If you believe in that sort of thing, which I do, the three Guella sisters – Enea, Elia and Nores – are back together again. The two older siblings probably greeted the youngest by handing her a Johnnie Walker Scotch whisky on the rocks and offering her a seat at a low-stakes poker game, already in progress, of course.

“Sit down, Nores. Eat something,” Enea, the oldest would say.

“About time you got here,” I can hear my mother, Elia, add.

Then, Nores would for the first time say up there what she had always said to her most beloved on earth: “A**hole.”

God, I loved that woman.

Last week, Aunt Nores fell trying to get out of bed. This was after she took a fall in August, fracturing her shoulder and pelvis. She ended up in the hospital and then a rehab facility.

Despite all of that, “the ol’ gray mare,” as she liked to call herself, was on the mend, surprisingly mobile using a walker and eating like there was no tomorrow.

Then, things began to change last weekend. She mostly just slept and wouldn’t eat.

On Sunday, her family called in hospice care. They rented a hospital bed. Nurses were on call. But Aunt Nores was restless and agitated and couldn’t sleep. The morphine drops gently placed under her tongue calmed her down, but not enough.

She wasn’t happy. She was ready to go. It was time.

Her children, Christine, Jack, and Jack’s wife, Debbie, had shared her care over the past few months. They knew she was not long for this world, but I don’t think they thought it would be Monday.

Neither did I.

On Monday at 7:49 p.m, I group-texted them to say I was thinking about Aunt Nores and wondered if she was able to talk on the phone. She wasn’t.

“We’re hanging in there,” my cousin Chris texted back at 8:13. “Mom’s sleeping all the time. Pretty out of it. Not eating or drinking. Just trying to keep her comfortable.”

It was a familiar sentiment that my sisters and I felt when our parents, both under hospice care toward the end, were on their way out.

At 8:22, I texted my cousins back: “Got it. Please give her a kiss from me and tell her she was my favorite – and the coolest Guella sister.”

I added a smooch with a red heart emoji.

About an hour later, at 9:27 p.m. to be exact, my cousin Chris called.

“She’s gone.”

Even when you know it’s coming, death surprises.

The last one. Our family’s matriarch. Gone.

Luckily, Chris had already given her mother the kiss and my message. Soon after, when she had gone back to check on her, my aunt had passed.

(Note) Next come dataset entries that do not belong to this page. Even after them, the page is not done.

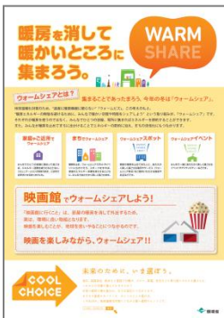
映画館バージョン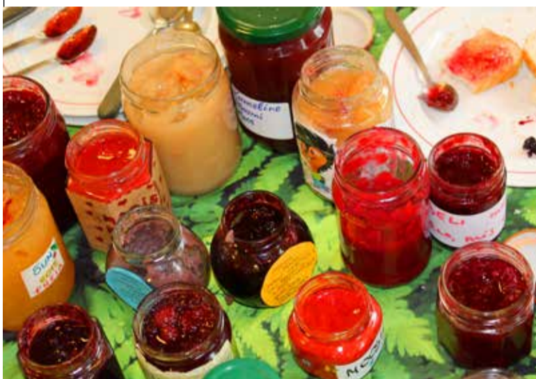
Rikkalik moosivalik näitas, et Saue laste kodudes on moosikeetmine jätkuvalt populaarne.

peaks teinud tõsiselt ettevalmistusi ja lastel olid kaasas vahvad väiksed kodused moosipurgid.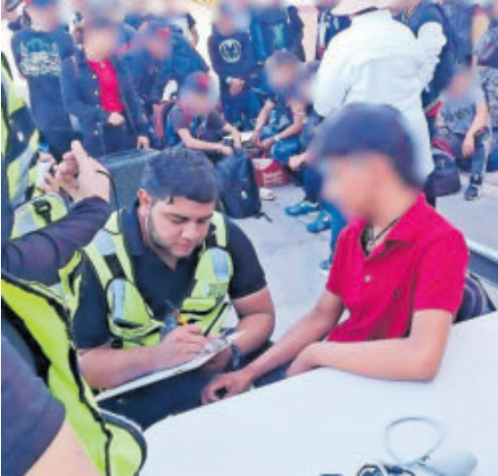
Los jóvenes, durante una inspección.

El Ministerio Público hizo entrevistas a las personas rescatadas; viajaron de forma voluntaria, señalaron.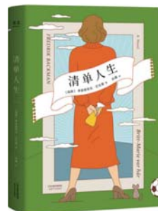
《清单人生》 [瑞典]巴克曼 著 天津人民出版社

本书是村上春树周游世界各地,写下的妙趣横生的旅行散文集。在遍布苔藓的冰岛,邂逅没有尾巴的羊和可爱的迷途之鸟;在梅雨季节去熊本,拜访夏日漱石的故事……不论怎样的旅行都充满了惊喜与意外,诸多的挫折都化为无穷的乐趣。这才是真正的旅行。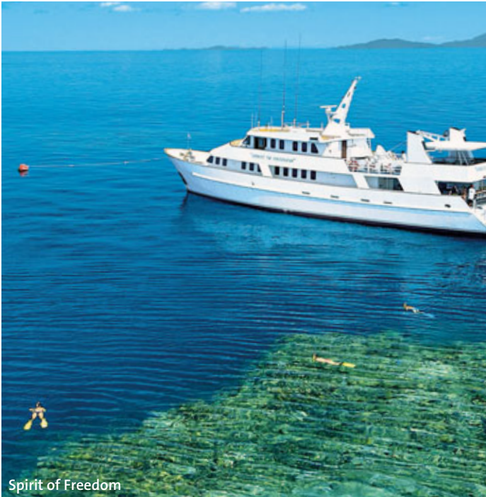
Spirit of Freedom

5 Tage/4 Nächte oder 4 Tage/3 Nächte ab/bis Cairns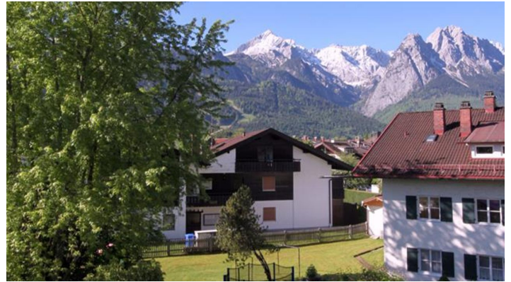
Blick aufs Bergpanorama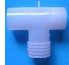
22M/15F 17F 22M/18F

構成:サイドドラフト式ネブライザキットに上記の付属部品を組み合わせて各全体構成図を実現する。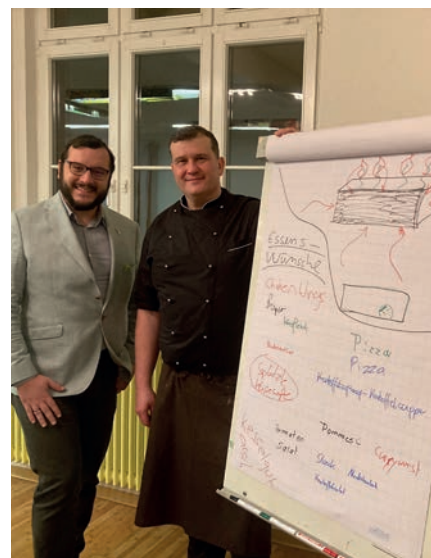
Auf dem Flipchart sind die Wunschgerichte der Kinder für die nächsten Termine der Kochschule vermerkt.

Da die Finanzierung der Kochschule nicht direkt über die Einrichtung erfolgen kann, war das „Geburtstagsgeld“ der Lions hier gut angelegt, denn die Kinder nehmen hier etwas mit, was ihnen in ihrem späteren Leben hilft.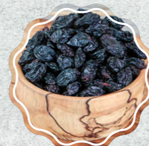
Besni Üzümlü Siyah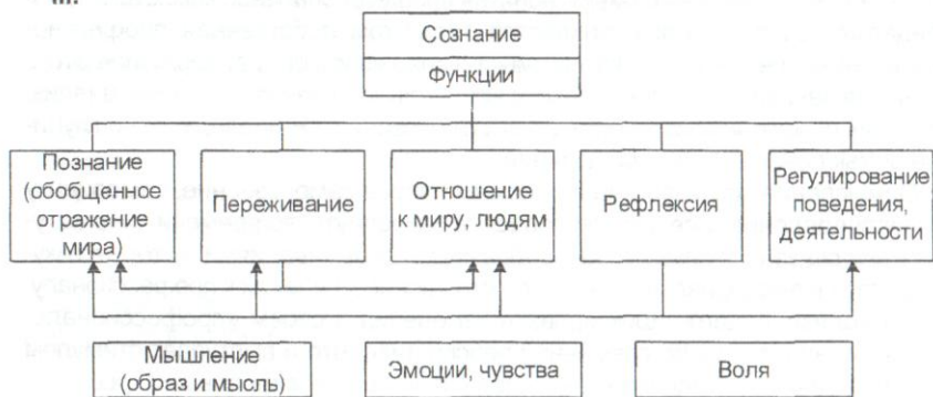
Рис. Функции, свойства сознания

Выделяют следующие свойства сознания: построение отношений, познание и переживание (рис.). Отсюда непосредственно следует включение мышления и эмоций в процессе сознания. Действительно, основной функцией мышления является выявление объективных отношений между явлениями внешнего мира, а основной функцией эмоции — формирование субъективного отношения человека к предметам, явлениям, людям. В структурах сознания синтезируются эти формы и виды отношений, и они определяют как организацию поведения, так и глубинные процессы самооценки и самосознания. Реально существуя в едином потоке сознания, образ и мысль могут, окрашиваясь эмоциями, становиться переживанием. «Осознание переживания — это всегда установление его объективной отнесенности к причинам его вызывающим, к объектам, на которые оно направлено, к действиям, которыми оно может быть реализовано» (С. Л. Рубинштейн) [4, с. 57—58].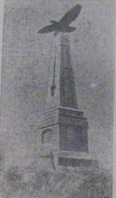
На снимке: Памятник фельд-маршалу М. И. Кутузову в Бородино на месте великой битвы.

К 130-летию Бородинского сражения (7 сентября 1812 г.—7 сентября 1942 г.)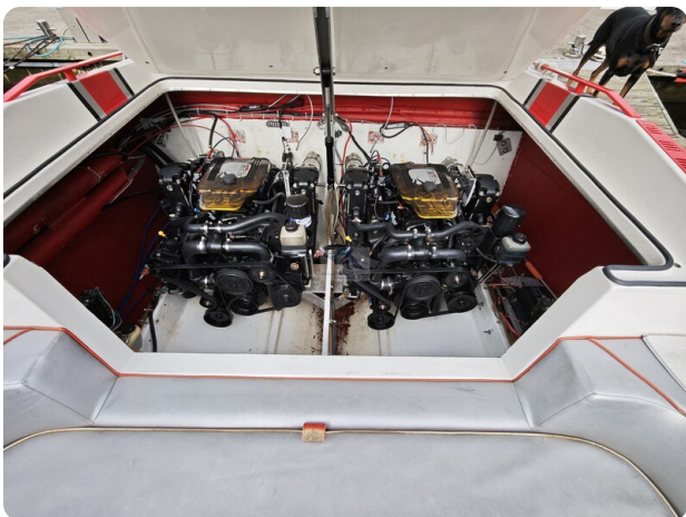
Cigarette 31 BULLET 32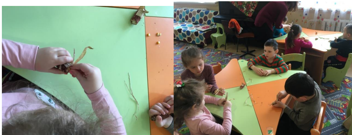
2. sz. fotó: Csutkamalac készítése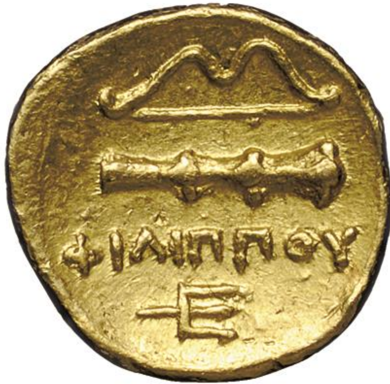
Οπισθότυπος χρυσού τετάρτου στατήρα Φιλίππου Β, 340-328 π.Χ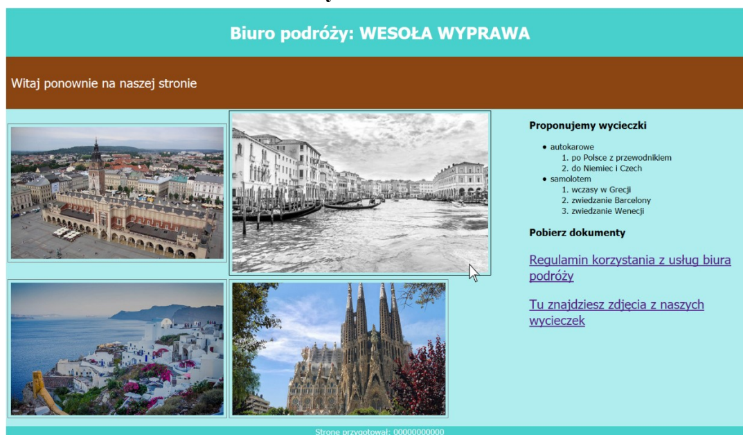
Obraz 2. Witryna internetowa, strona odwiedzana po raz kolejny, kursor na grafice wlochy.jpg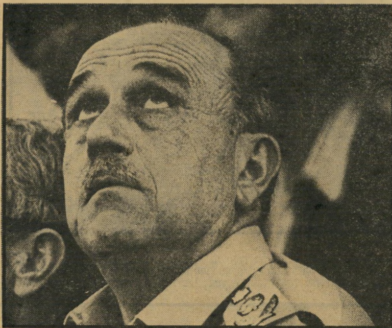
מפכ"ל תבורי מי הדליף?

היתה מוכנה להישבע כי החשוד אינו, ולא יכול כלל להיות, האנס המבוקש. המכר שהוכחה מישפחהו של החשוד היתה כפוי לה ומכופלת. בשבוע הבא עומדת להיערך הגיגת בריהמיווה של אחד משלושה בניו של האיש, וההזמנות למאות ידידי וקרובי המישפחה בכל רחבי הארץ כבר נשלחו. "הוא אדם נהדר", סיפר עליו אחד ממכריו ושכניו השבוע, אחרי שנודע מן נעצר בחשד שהוא האנס המנומס. הוא לא מסוגל לפגוע בזכו. כל מי שמכיר אותו לא יאמין שהוא האנס, אפילו אם הוא עצמו יודה בכך מאה פעמים". אולם חוקרי המישטרה טוענים אחרת לדיבריהם מתאים תיאורו של החשוד לתי אור שמטרו אחרות מהנאנסות על-ידו שמהן ניתן לדלות פרטים לגבי היצוגיות הן רבות מהן זכרו בבירור שומה מכוונת רת שהיתה על מותנו של האנס, ואכן שומה כזו נמצאה על מותנו של החשוד שנתפס.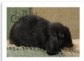
Coelho preto Coloração preta Cor preta

A) Colorações/Cores puras, uniformes ou apenas monocolor: quando os pelos e os sub-pelos possuem cores lisas, ou seja, por toda a extensão do animal a tonalidade é idêntica, sem a interferência de tons ou sobretons. Como exemplos as cores azuis, brancas, laranjas, pretas, vermelhas, etc.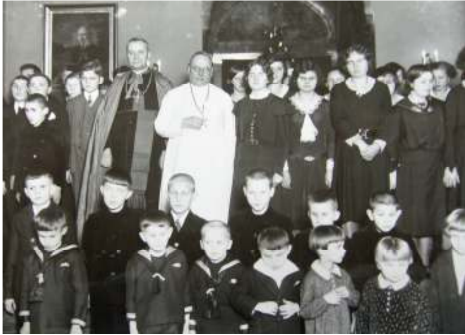
Jubilejní slavnost v hradčanském ústavu slepců 6. května 1932.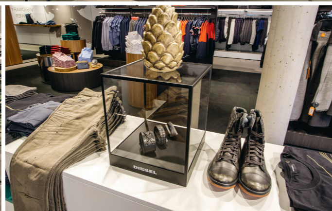
▼ Shopping-Erlebnis auf 3 Etagen: So präsentiert sich das neue FALCON in Zell am See!

Das Haus in der Dreifaltigkeitsgasse 3 in Zell am See erstrahlt in neuer Herrlichkeit! Nach dem kompletten Neuaufbau ist das Prunkstück des Gebäudes der visionäre Falcon Life & Style-Store. Er verspricht hochwertiges Shopperlebnis für Sie und Ihn auf drei Ebenen! Apropos hochwertig: Das ist auch die Bauweise mit interessanten Ein- und Ausblicken sowie die atmosphärische Inneneinrichtung des neuen „Modetempels“ in der Zeller Fußgängerzone. Stein, Holz und Metall dominieren als Materialien, „Industrial-Art“ mit Sichtbeton ist ebenso an Bord wie ein hochwertiges Beleuchtungskonzept („Fokuspunkte“) im gesamten Store.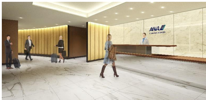
ANA LOUNGE 受付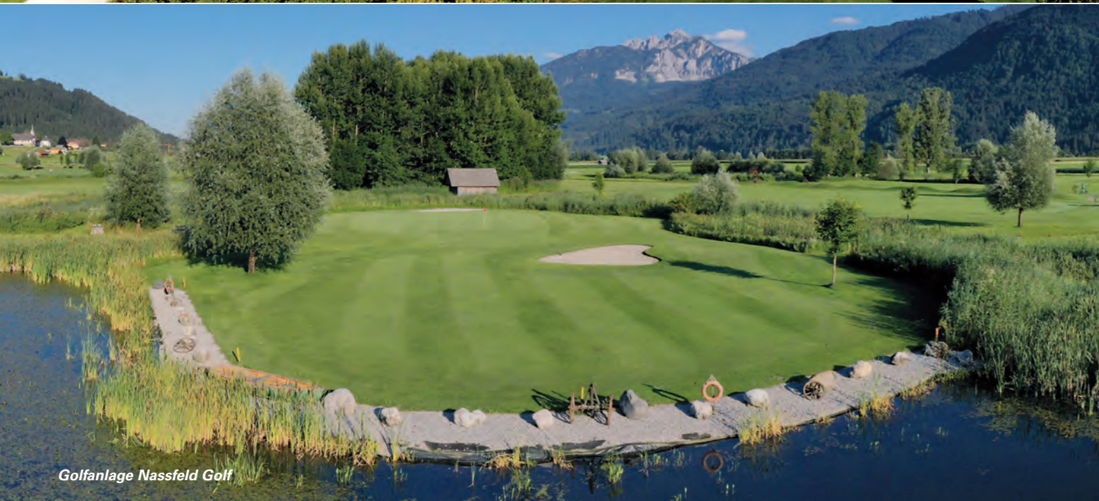
Golfanlage Nassfeld Golf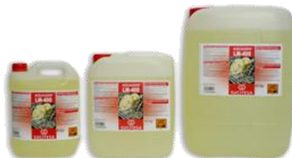
AQUAGEN® LM-400 Detergente máquinas aguas semi-duras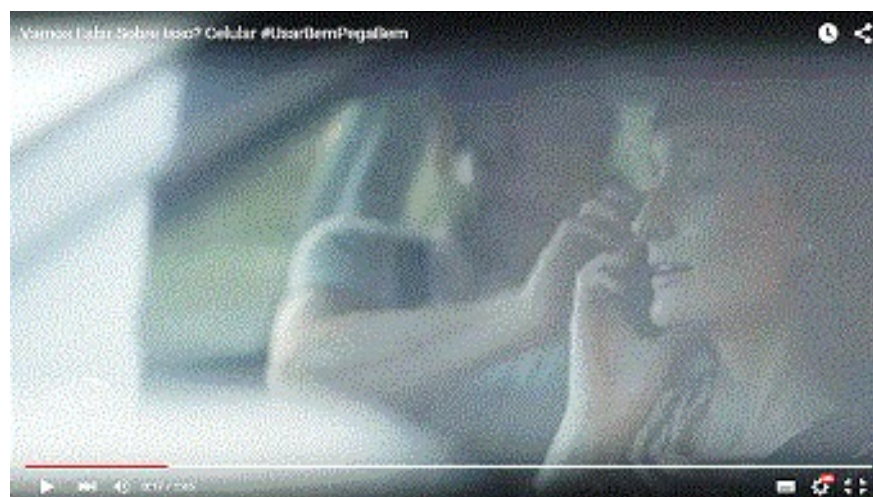
Figura 3 – Cena de uso do celular enquanto dirige um carro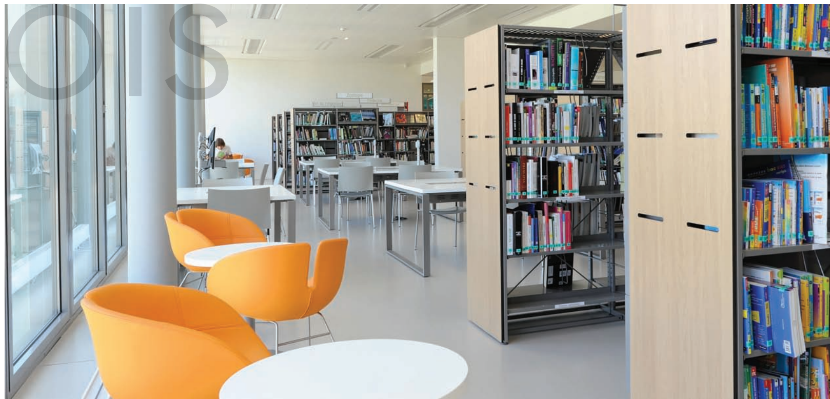
Médiathèque André Malraux Béziers 34500. Parements en compact finition chêne rainuré. André Malraux media library, Béziers 34500. Compacts sidings with grooved oak finish.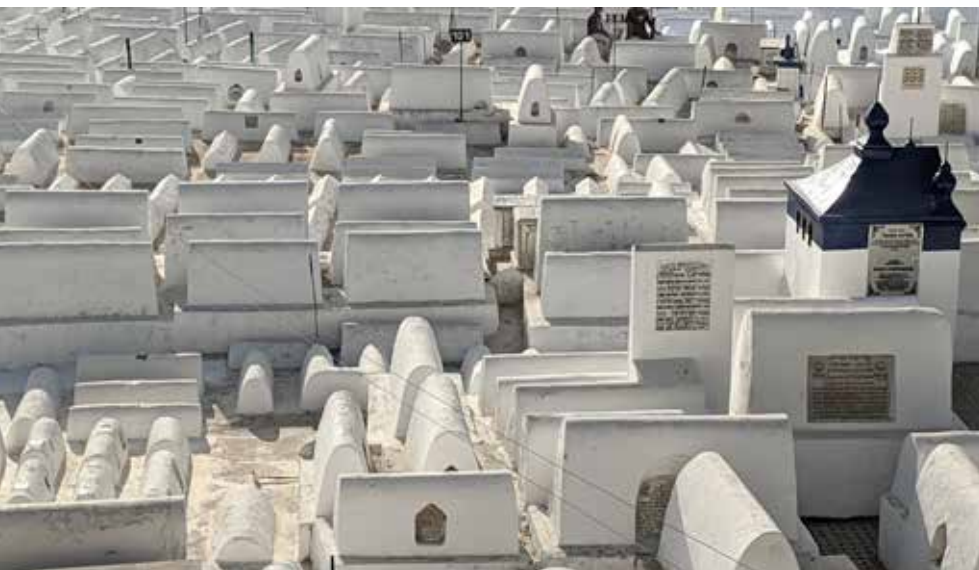
Temető Fezben (Marokkó)

A további évszázadokban a marokkói zsidók történelme ugyanolyan fordulatossá vált, mint korábban: az éppen hatalomra kerülő arab vagy berber dinasztia kegyeinek kitéve hol kedveltek, hol jogfosztottak voltak. Akármi történt is azonban, a marokkói zsidók között mindig akadtak kiemelkedő tóratudósok, általában a kabala nagy ismerői és szent életű férfiak. Megemlítjük még közülük Cháim ibn Átár rabbit, aki a XVIII. század első felében élt, vagyis a Báál Sém Tov kortársa volt. Számos híres mű szerzője volt, aki aranyművességgel kereste a kenyerét, és egy híres történet szerint nem-zsidó munkáltatója beárulta egyszer a szultánnál, aki élve dobatta őt az oroszánjai elé. A rabbi, táleszával, tfilinjével és szent könyveivel felszerelve ment a vadállatok közé, akik három napon át csak köröztek körülötte, de nem bántották a folyamatosan szent szövegeket kántáló rabbit. Ezt látva a szultán megkegyelmezett neki, és barátjává fogadta őt.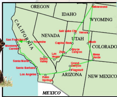
GRAND TOUR DE L'OUEST AMÉRICAIN (22 jours)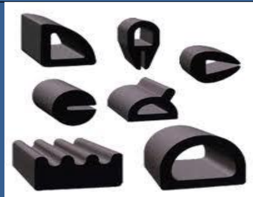
تولید نوار و پروفیل‌های لاستیکی و اسفنجی

I was reminded of my own mother who, in her last days, became restless and agitated. Hospice nurses said there are often reasons for this end of life struggle, and it was that Mom had some unfinished business.

We tried everything. My father, sisters and I were at a loss about what to do, so we called Aunt Nores. Maybe hearing her voice would ease Mom’s mind.

We held the phone to Mom’s ear and hoped that between her slow, rattling breaths, she would understand what her youngest sister was saying in their distinctive Northern Italian dialect.

“It’s OK, El. You can go now. Go see Mom and Pop, Enea and all the rest. It’s OK,” she said before hanging up with her for the last time.

JULY 2019: When Aunt Nores (bottom right) visited us in Lakeport, Michigan. She had just turned 95. Seated next to Nores is her daughter, Chris; my sister Sandy; Nores’s granddaughter, Natalie, my sister Corky and me.

My heart is breaking today, and I already miss Aunt Nores so much, especially our phone calls. Like in April, when she teased me for turning 60. “You hit another speed limit, Jin.” Or, when she told me to “Just Google it” for a recipe I needed. As if she knew what googling meant. Or when she’d get annoyed and call me her favorite term of endearment. “A**hole.”

Aunt Nores, let me say it was an honor to have been your niece. I am happy you are finally at peace. This world will be a strange place without you in it.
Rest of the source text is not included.